The perils of fragmentation Part two

In order to maintain optimal system performance and reliability, it is desirable for enterprises to schedule disk defragmentation on a regular basis for all servers and workstations. Therefore, the ability of an enterprise to schedule, control, and monitor defragmentation is extremely relevant to TCO.

This becomes apparent by comparing manual against centrally monitored network defragmentation.

Impact of manual defragmentation

It is both impractical and cost-ineffective for IT support groups to manually run defragmentation box by box across an enterprise. This causes two basic problems:

The time and effort required to manually defragment servers and workstations for defragmenting throughout an enterprise increases TCO proportionately with the size and number of servers and workstations. TCO benefits are realized by centralized defragmentation of even a handful of machines; in mid-sized and large companies, manual defragmentation quickly becomes cost prohibitive.

Due to the labor-intensive nature of manually defragmenting each individual server, it would typically end up being performed in a reactive manner, if done at all. A site would experience slow downs impacting productivity. End users would complain because of poor systems performance, and IT staff would have to run the defragmentation software on specific workstations and servers. Along with lost performance, desktop support calls would increase significantly due to reliability degradation. Thus, a manual process would create such problems that much of the benefits available from defragmentation would be lost.

Cost advantages of network defragmentation

Let’s look at three typical examples of manual versus network defragmentation. The first concerns a single server with 10 workstations; the second consists of 10 servers and 1,000 workstations, and the final example has 25 servers and 5,000 workstations.

In each manual scenario, let’s assume it takes one hour to defragment server and workstation disks, allowing enough time for an IT support person to schedule the activity, move to the location, and perform the task. For the purposes of this example, we will further assume that defragmentation is only performed once a week and that the IT support person is paid $40 per hour.


The real cost of hardware upgrades

Many companies upgrade their hardware approximately every three years. In many cases, however, the performance gains anticipated from hardware upgrades may be realizable through defragmentation of their existing systems.

How much does it cost to improve system performance and reliability through a hardware upgrade or replacement? Unfortunately, a system upgrade/replacement involves more than the cost of the hardware alone. The IT professional’s time must also be considered in the equation, as well as the expense of system unavailability to the user. Using the same three scenarios as before, at an average cost (as of April,

2003) of $1,800 per workstation and four hours of IT-staff time to perform each upgrade, we can estimate the overall cost of the upgrade/replacement.
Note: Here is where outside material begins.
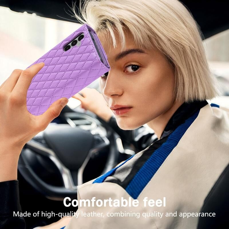 Για Samsung Galaxy A05 φερμουάρ πορτοφόλι πολλαπλών καρτών ρομβοειδής δερμάτινη θήκη τηλεφώνου (μωβ)
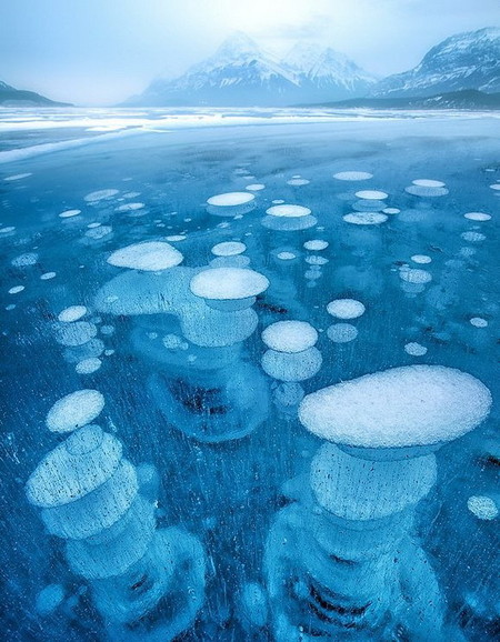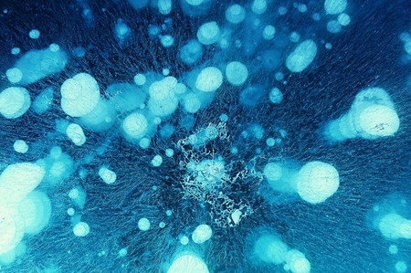 Y con el frío llega un fenómeno maravilloso: la superficie del lago se congela junto con las burbujas de aire que emergen desde el fondo. Estas burbujas contienen metano, un gas producido por la actividad de las plantas acuáticas. El tamaño de estas burbujas varía y son muy numerosas. Se dice que caminar sobre esta superficie helada y bellamente decorada es realmente impresionante: no se puede ver el fondo, solo largos columnas de burbujas blancas que parecen surgir de la nada. Cuanto más frío hace, más profundo se congela el lago y más largas se vuelven estas columnas de burbujas. Además, la superficie está llena de grietas y fisuras. Es hermoso y fascinante… pero uno realmente desea salir cuanto antes a una orilla segura.

Note: This figure is based on obtaining new equipment rather than attempting to upgrade individual components. Based on PC workstation economics, it is more cost efficient to buy a new one. The older workstation can either be re-deployed or scrapped.

Let’s assume that the original workstations were purchased three years ago for $2,800 and have a typical three-year life cycle. However, due in large part to disk fragmentation, the workstations have steadily deteriorated in performance and reliability. A company then decides it is time to upgrade the workstation after three years. The residual value after three years is estimated at 10 per cent or about $280. This calculates out to a cost of $2,520 for the three years or $840 per year.

At the end of the third year, new notebooks with faster processors, more memory,

and larger disks can also be purchased for about $1,800 due to lower workstation costs. Using a five-year period, in this example, the cost would average out at $756 per year. This $756 figure is based on the $2,520 cost for the first three years for the initial workstation plus the $1,260 cost over two years for the second workstation (using 30 per cent residual value). This totals $3,780 over the five-year period or $756 per year. Yet, even with the upgrade, it becomes just a matter of time before the disk on the newer system also becomes fragmented, producing a performance bottleneck.

Along with actual costs of new hardware, factor in the time it takes to remove an older model and install a newer workstation. Using data from a previous IDC study, it takes on average two and one-half hours to de-install a workstation and another three and one-quarter hours to install the new one. As a result, five and three-quarter hours are absorbed in replacement. Total staff hours are rounded to the nearest hour and the same forty dollars per hour is used for IT staff costs. In these three scenarios, bear in mind that only the workstation and time costs are calculated. Server expenses are not included, though they do have a significant impact on the overall costs.


IDC has shown the value of using an automated network defragmentation tool as compared to maintaining a Windows enterprise either without routine defragmenting or in using a built-in, manual utility. Solving fragmentation will help companies achieve the purpose of achieving gains in user productivity, lowering IT / help desk costs, hardware budget waste, and help increase system uptime.

Frederick W. Broussard is an analyst at IDC Corp. in Framingham, Mass.